◆ Provided data ◆

====

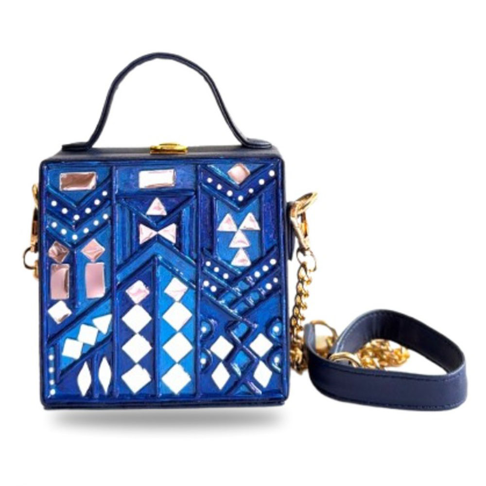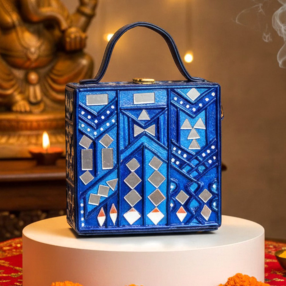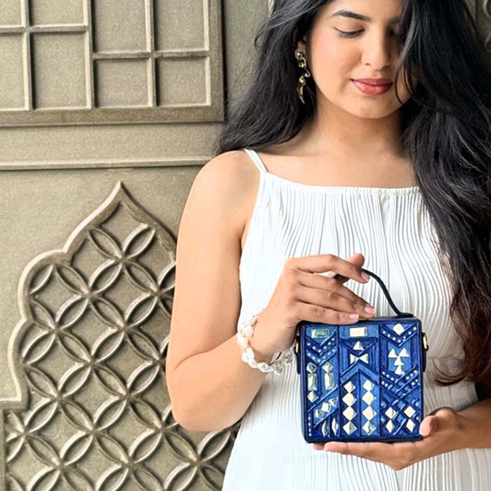 This mini sling box bag showcases azure inspired Lippan art that blends tradition with modern style. Its compact box form and mirrored details make it appealing to collectors decorators and gifters alike. Each piece is handcrafted by skilled artisans and packed and quality checked by Indianshelf.Azure Charm DetailsThis charming piece features azure motifs in fine Lippan art appealing to those who love unique cultural accessories and those seeking meaningful gifts.Azure toned motifs and mirror inlay are applied by hand in Lippan art style.Entirely handmade and never machine madeHardwearing construction makes it suitable for daily and festive use.Vital Specs and Information Origin: India. Safely packed and quality checked by Indianshelf Slim and light it hangs gracefully on the shoulder.Use Case ScenariosUse as a unique accessory at home or out to showcase the azure charm motif.Gift this azure charm themed bag for festivals birthdays or special celebrations.Enhance boutique displays with its artisanal azure charm design to attract customers.Event planners and collectors can use it as an eye catching cultural accent piece.Careful HandlingKeep the azure charm bag looking fresh by storing it in a dry place and cleaning it gently with a cloth. Avoid moisture and abrasive cleaners to protect the hand crafted art.User Queries AnsweredWhat gives this bag its azure charm?Artisans hand paint the azure hue and embellish it with Lippan art for a distinctive look.Is it suitable for everyday use?The mini box bag combines beauty with durability perfect for daily wear.How much can this mini piece carry?It holds daily essentials such as cash cards and lipstick.Does the strap adjust easily?Yes the adjustable sling ensures a comfortable fit.Legacy Craft SupportEvery piece reflects heritage artistry and careful attention to detail. All our products are handmade never machine made ensuring individuality.
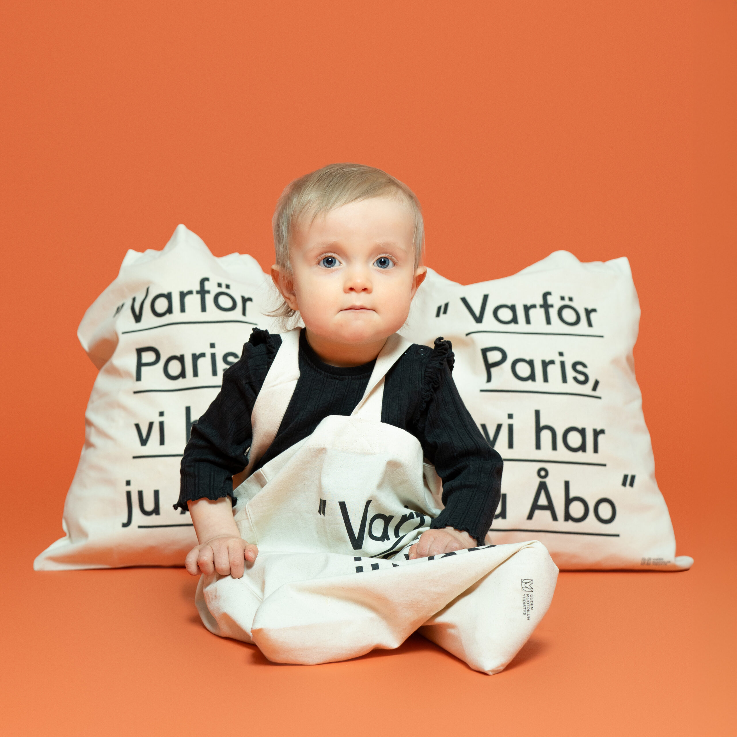Valkoinen kangaskassi "Varför Paris, vi har ju Åbo" tekstillä.
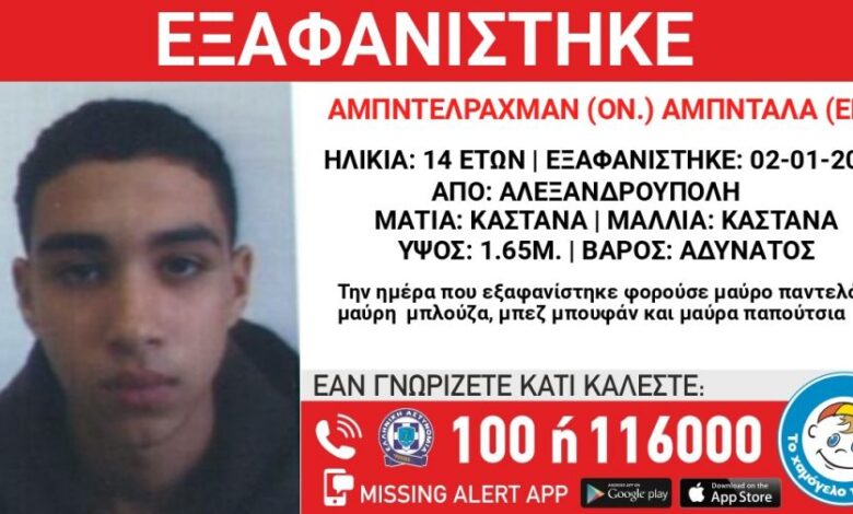 Συναγερμός για την εξαφάνιση 14χρονου στην Αλεξανδρούπολη

====

◆ Your goal ◆
Your copy should match the data exactly, apart from the images, which are dropped.

◆ Output of the exercise ◆
 This mini sling box bag showcases azure inspired Lippan art that blends tradition with modern style. Its compact box form and mirrored details make it appealing to collectors decorators and gifters alike. Each piece is handcrafted by skilled artisans and packed and quality checked by Indianshelf.Azure Charm DetailsThis charming piece features azure motifs in fine Lippan art appealing to those who love unique cultural accessories and those seeking meaningful gifts.Azure toned motifs and mirror inlay are applied by hand in Lippan art style.Entirely handmade and never machine madeHardwearing construction makes it suitable for daily and festive use.Vital Specs and Information Origin: India. Safely packed and quality checked by Indianshelf Slim and light it hangs gracefully on the shoulder.Use Case ScenariosUse as a unique accessory at home or out to showcase the azure charm motif.Gift this azure charm themed bag for festivals birthdays or special celebrations.Enhance boutique displays with its artisanal azure charm design to attract customers.Event planners and collectors can use it as an eye catching cultural accent piece.Careful HandlingKeep the azure charm bag looking fresh by storing it in a dry place and cleaning it gently with a cloth. Avoid moisture and abrasive cleaners to protect the hand crafted art.User Queries AnsweredWhat gives this bag its azure charm?Artisans hand paint the azure hue and embellish it with Lippan art for a distinctive look.Is it suitable for everyday use?The mini box bag combines beauty with durability perfect for daily wear.How much can this mini piece carry?It holds daily essentials such as cash cards and lipstick.Does the strap adjust easily?Yes the adjustable sling ensures a comfortable fit.Legacy Craft SupportEvery piece reflects heritage artistry and careful attention to detail. All our products are handmade never machine made ensuring individuality.
Valkoinen kangaskassi "Varför Paris, vi har ju Åbo" tekstillä.
 Συναγερμός για την εξαφάνιση 14χρονου στην Αλεξανδρούπολη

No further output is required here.